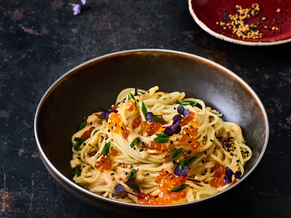 Miso und Pasta sind die perfekte Kombination für ein schnelles Abendessen. Das Rezept von Stevan Paul mit Butter, geröstetem Sesam und Forellenkaviar dauert nur 15 Minuten – Umami pur.
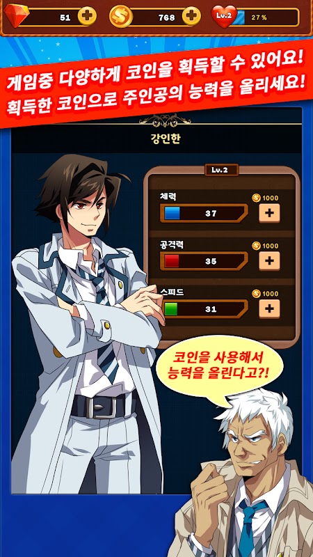 ▶ 탐정 주인공의 능력을 업그레이드시키면 퍼즐 게임을 더 쉽게 승리할 수 있어요!
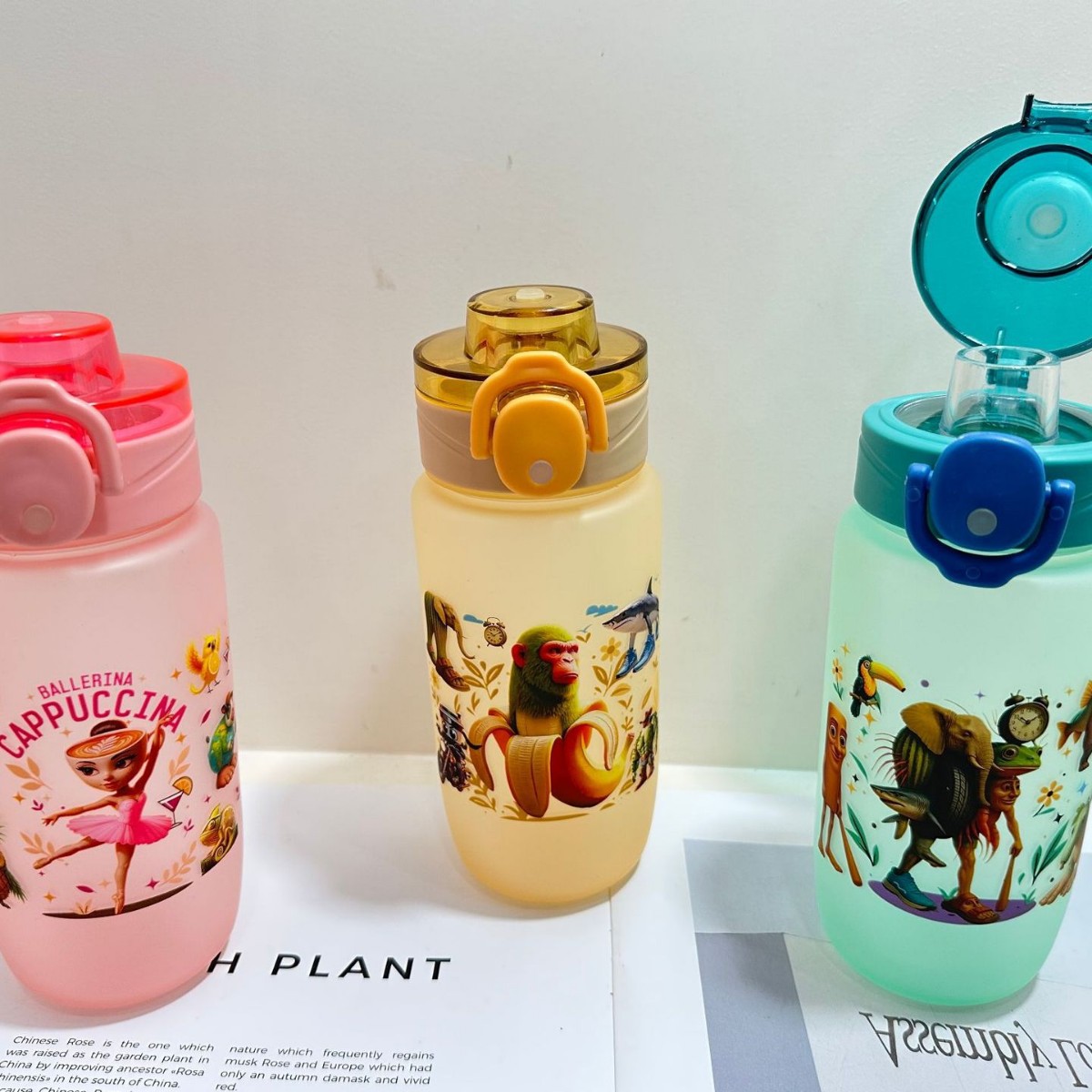 亚马逊热卖款式山海经图案水杯儿童水杯弹跳盖学生便携太空杯跨境
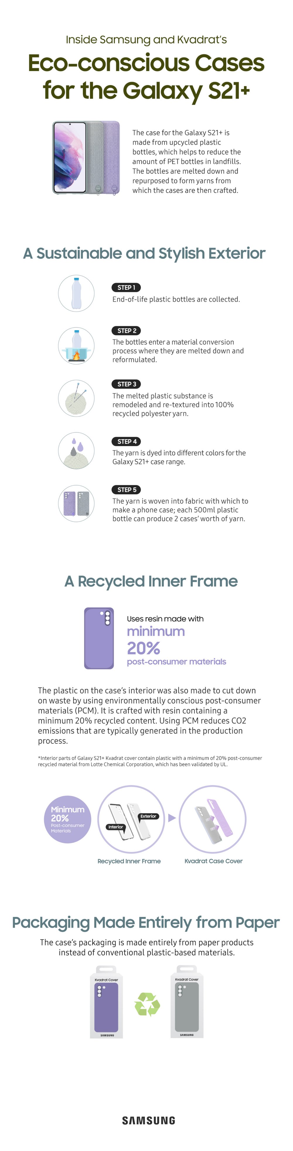 1 Interior parts of Galaxy S21+ Kvadrat cover contain plastic with a minimum of 20% post-consumer recycled material from Lotte Chemical Corporation, which has been validated by UL.
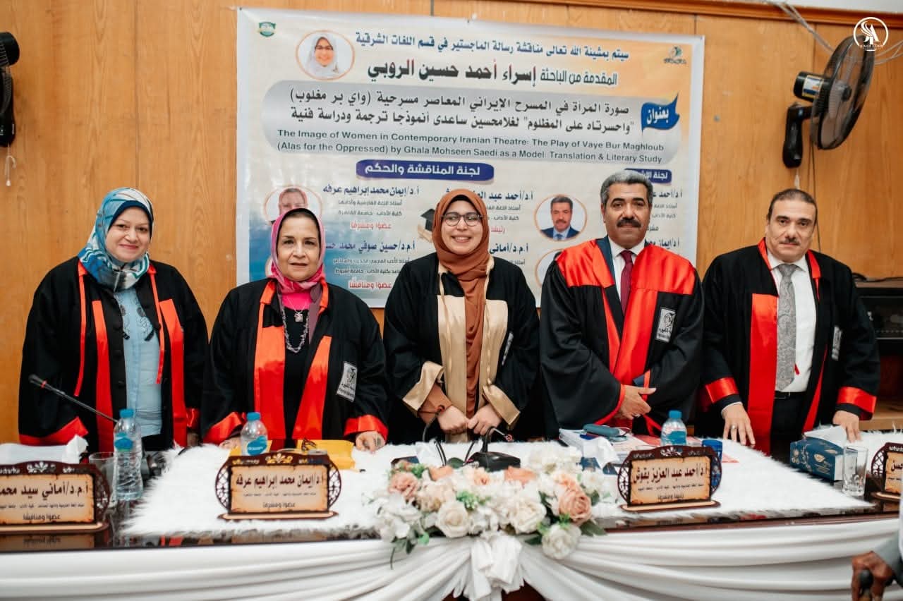 حملت الرسالة عنوان "صورة المرأة في المسرح الإيراني المعاصر: مسرحية (واي بر مغلوب) 'واحسرتاه على المظلوم' لغلامحسين ساعدي أنموذجاً - ترجمة ودراسة فنية"، وقدمتها الباحثة إسراء أحمد حسين الروبي.
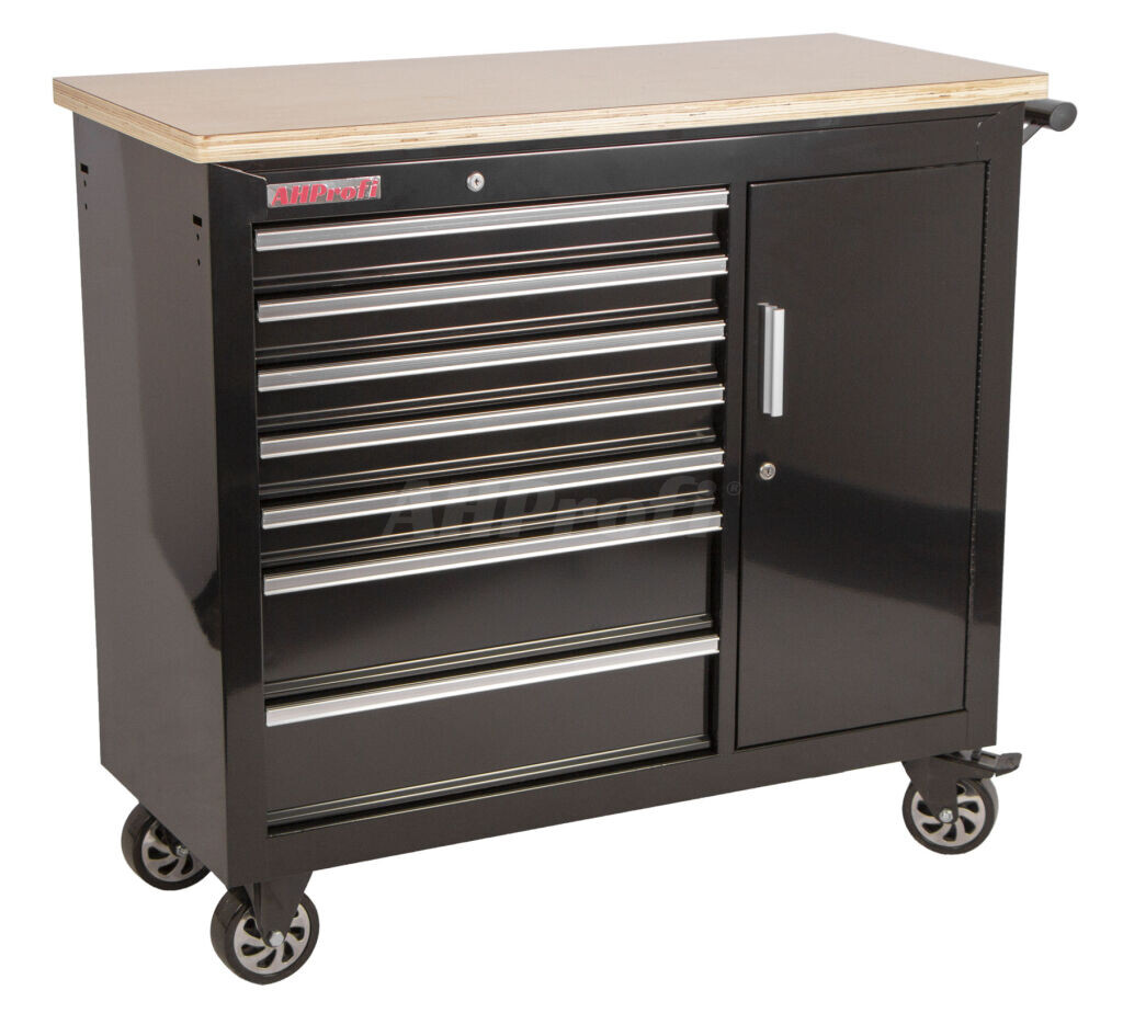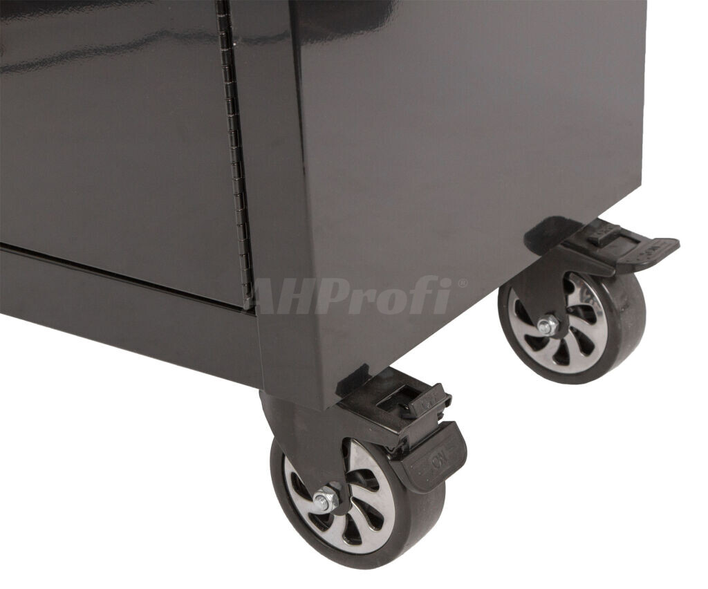 Čierný kovový dielenský vozík so 7 šuplíkmi a skrinkou. Vozík je vhodný na náradie nezbytné pre prácu v dielni alebo servisu.
+ + + +
• TASK DIRECTIONS: Your copy should start at the line with "1 Interior parts", stop at the last line of the listing above, match exactly, and contain no pictures.

• OUTPUT:
 1 Interior parts of Galaxy S21+ Kvadrat cover contain plastic with a minimum of 20% post-consumer recycled material from Lotte Chemical Corporation, which has been validated by UL.
 حملت الرسالة عنوان "صورة المرأة في المسرح الإيراني المعاصر: مسرحية (واي بر مغلوب) 'واحسرتاه على المظلوم' لغلامحسين ساعدي أنموذجاً - ترجمة ودراسة فنية"، وقدمتها الباحثة إسراء أحمد حسين الروبي.
 Čierný kovový dielenský vozík so 7 šuplíkmi a skrinkou. Vozík je vhodný na náradie nezbytné pre prácu v dielni alebo servisu.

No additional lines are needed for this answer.